Friday, April 08, 2005

Friday Night's Labor of Love

(listening to "Band of Gypsys" by Jimi Hendrix)
Lindz and I didn't know what we felt like doing on this fine, rainy Friday night. She seemed content reading, so I started puttering around the kitchen.


Posted by Hello

I made pasta from scratch. Tagliatelle, to be exact.


Posted by Hello

I simmered a tomato and sausage sauce while the pasta rolling and cutting was going on.


Posted by Hello

I drank wine the whole time, of course. This makes me think of Luis, who is presently in Senegal in the Peace Corps. We had many eating and drinking evenings together, and now he's working his ass off in a land where a life of pleasure and ease is a distant echo, or a ludicrous fiction. I recall, in clear detail, a day when he and I spent an entire day making ravioli from scratch and drinking chianti.

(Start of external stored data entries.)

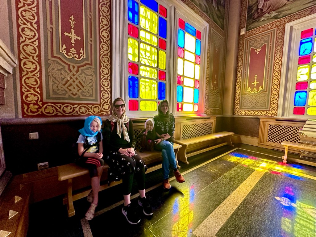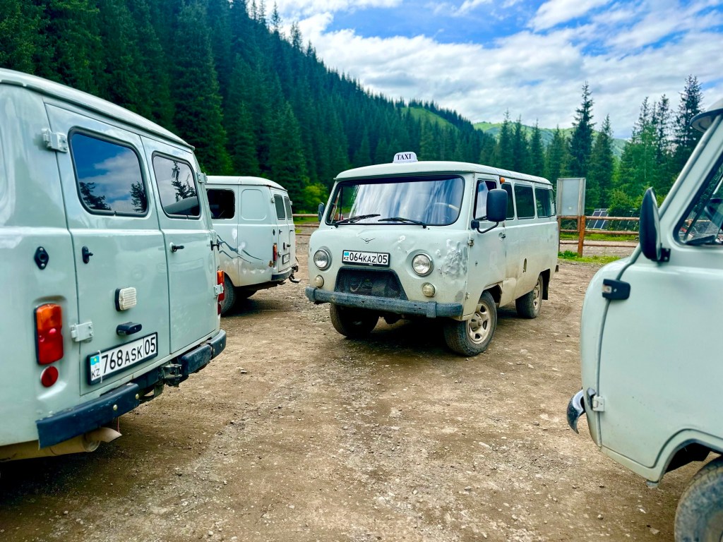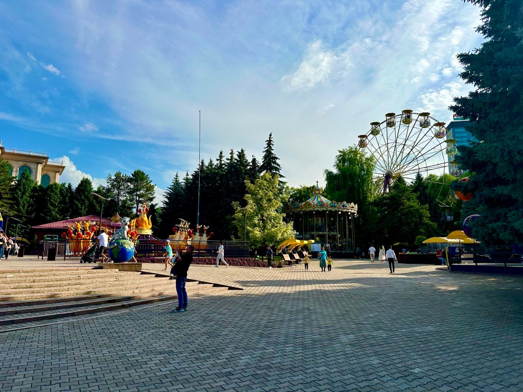 My nakonec strávíme v Almaty – taktéž celkem pohodlně – šest dní. V Almaty se toho prý děje celkem hodně, ale my si především užíváme pronajatého bytu v bytovce z padesátých let. Ta nám opět hořkosladce připomíná české sídliště. Děti se radují z vany a dětského hřiště hned před domem, já z velké postele a Kika z fénu. Stačí nám celkem málo…Druhý den se bohužel rozloučíme s holkami, což nás hodně mrzí (zase to uteklo nějak moc rychle), ale zvládneme vyprat dvě pračky, vyměnit olej u auta a sehnat AdBlue, což nás zase zvládne alespoň trochu rozveselit. Třetí den požádáme o ruská tranzitní víza a zajdeme do místního sovětského lunaparku. Čtvrtý den si jdeme vyzvednout udělená víza, přičemž celkem náhodou zjistíme (když míjíme naše zaparkované auto), že nám praskla trubka od vodní nádrže a auto je celé vytopené. Pátý den tedy strávím úspěšnou opravou, Kika využívá neplánované odstávky a vrhne se do praní ložního prádla a děti si ještě jednou napustí vrchovatou vanu.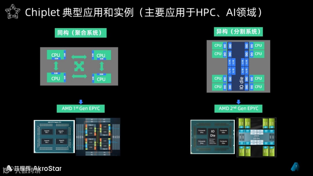 “同构”通过高速接口IP的实现和先进封装,以相同的Die设计实现计算能力的扩展,适用于CPU、TPU、AI SoC等低延迟和低误码率的应用场景;而“异构”则是将芯片的功能做差异化的拆分,做到“异”和“构”的有机结合——负责高算力和性能的先进工艺的Die和负责特色功能的成熟制程的Die被封装在一起。这两种最典型的实用案例可以通过AMD服务器CPU Epyc系列具体而微地得到展现。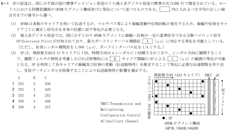 ・図に示す我が国の標準テレビジョン放送のうち地上系デジタル放送の標準方式(ISDB-T)で規定されている、モード3における同期変調部のOFDMフレーム構成並びに等化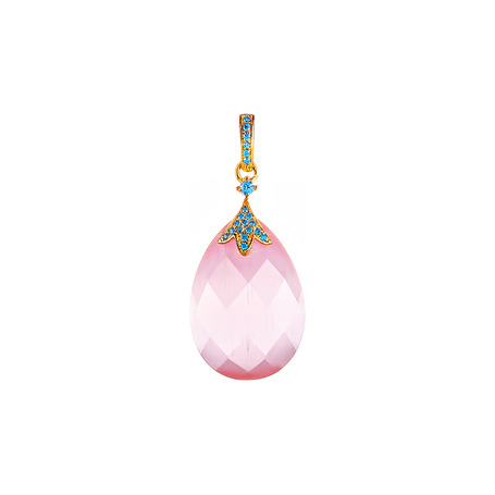 Подвеска из серебра 925 пробы с кошачьим глазом искусственным и фианитами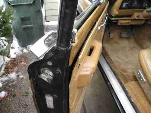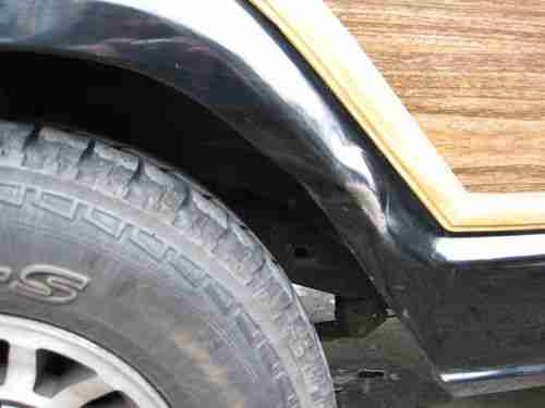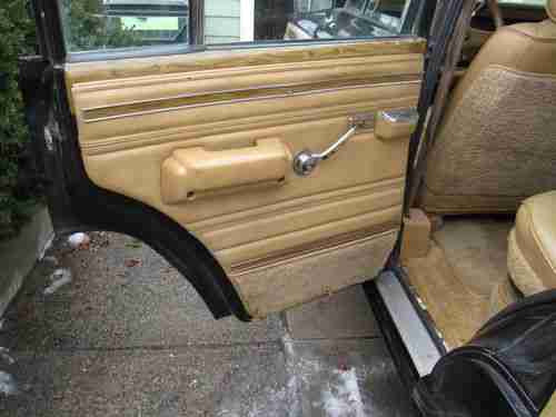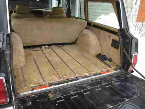I have owned this classic woody since July 2012, having bought it as a Summer project. The previous owner drove the vehicle until 2005 and parked it in her back yard. To my knowledge, I'm the third owner. All original, 168k, AMC 360, TorqueCommand 727 Automatic Transmission, Selec-Trac (229) 4WD, 'Classic Black' on Tan interior. Healthy number of new parts installed since July 2012. Solid frame (see chassis photos) -- originally a West coast vehicle. Starts and runs strong on the coldest of mornings and shifts smoothly. Very stock vehicle, with two exceptions. The original radio was replaced with an aftermarket CD/MP3 unit and the air pump and air injection tubes have been removed from the engine and the exhaust manifold ports plugged. This Wagoneer has typical wear associated with a 25 y/o Jeep one would expect; a few dents and paint chips etc., which I've tried to capture in the photos. Floor pans are mostly good and have a few small dime-size patches. The front driver and passenger side pans have been treated with POR15. Overall, I'd label the body and interior both as 'fair'. Not a show Jeep, but could be with light body work/paint and interior refresh. Looking to sell so I can move on to another project and free garage space. Currently registered and inspected in RI until November 2014. FSJs are classic vehicles that turn heads wherever they go. I've even found the occassional complimentary note on the windshield from time to time. The vehicle will be sold with a copy of the current RI registration (RI doesn't title vehicles older than 10 yrs.) and a notarized Bill of Sale. I welcome all questions and will post replies in the listing for all bidders to see. Vehicle is also for sale locally; auction will end early if local buyer is found. Here is a list of work that's been performed and work that she could use. Most of the ignition parts were replaced pre-emptively, simply to add reliability. Jeep was not known for strong electrical systems, so I elected to add some peace of mind to the driving experience. Photos of the problem areas to give prospective buyers a true sense of condition. The Good: -Dropped & Cleaned Fuel Tank -New Fuel Pickup & Sender -Re-built original Motorcraft 2BBL Carburetor -New hand-bent steel and rubber brake lines, Calipers, and Brake Pads (only brake lines not replaced were hard lines between master cylinder and proportioning valve) -New Master Cylinder -New Distributor, Distributor Cap, Rotor, and Plug Wires -New Ignition Module -New Ignition Coil -New Starter Solenoid -New transmission selector shaft seal -New transmission filter and fluid -Power Windows all raise/lower with either the driver master switch OR individual door switch -Treated floor-pan rust with POR15 (pans are still very solid, with two small dime-size holes that were patched with fiberglass filler) -Tailgate Window raises and lowers reliably from the tailgate key-switch and intermittently from dash switch* -New transmission output and transfer case input seals (Jan '13) -4WD engages properly -Tire Balance and Front-End Alignment -Fresh Battery -New Headliner Fabric The Bad: -Oil weep from crank seal and oil drain plug -Coolant weep from radiator drain fitting -Transmission fluid weep (unsure of source -- possibly pan gasket) -Slight exhaust leak near down-tube/heat-riser -Right rear axle seal weep -Engine Wire Harness and Dash Harness had sections of burned wire when I bought the Wagoneer last July. I spliced in sections of new wire where needed to make the electrics functional. Original harness can be found on Ebay for $50-100. -Needs new vent windows ($75-100/ea at junk yard or Ebay) -Needs carpet sill plates -Leaf spring bushings to improve road manners -Passenger rocker needs a patch under the rear door, roughly 4" across -Driver and passenger quarter panels need minor spot repair -Rear Defroster inop (Solder let go at tailgate window. I have the wire harness, which can be re-soldered) -Needs new door jamb switches to activate dome lights upon entry/exit (both dome/cargo lights work manually at the overhead switches)

Lindz helped me with rolling the pasta, but mostly she found it odd that I suddenly decided to make pasta from scratch. It's quite a bit more laborious than pulling a box of linguine out of the pantry. Ah, Luis (better known as Don Luisito). You're a man who understands Herculean labor at certain times (making pasta from scratch) and unbelievable sloth at others (only being employed when absolutely necessary).

2 comments:

Sleepwalker said...

Pasta has been the one thing where all the work does not result in a better tasting product. In my opinion. I usually pull out my full repertoire of four-letter words every time I use the pasta roller. What I need to do is just make idiot-simple giant ravioli, and have a fantastic filling. As little cutting and screwing around as possible, and let the focus be on some sumptuous cheesy or nutty filling.

Until I forget the hassle of the last time I made pasta and get the wild idea to pull out the pasta maker again, it will be a box o' industrial-made stuff. But I'm glad you went to the trouble to do it, and enjoyed it.

Mister Orange said...

No pasta rolling machine was involved here, other than the rolling pin. I haven't gotten around to spending a hundred bucks on the Kitchenaid rolling attachment (I want it because it doesn't occupy one of your hands with a crank.
As far as the swearing goes, practice, a bit of time for drying (when you let the pasta dry a bit, it's not so fiendishly sticky) and lightly floured cookie sheets are necessary.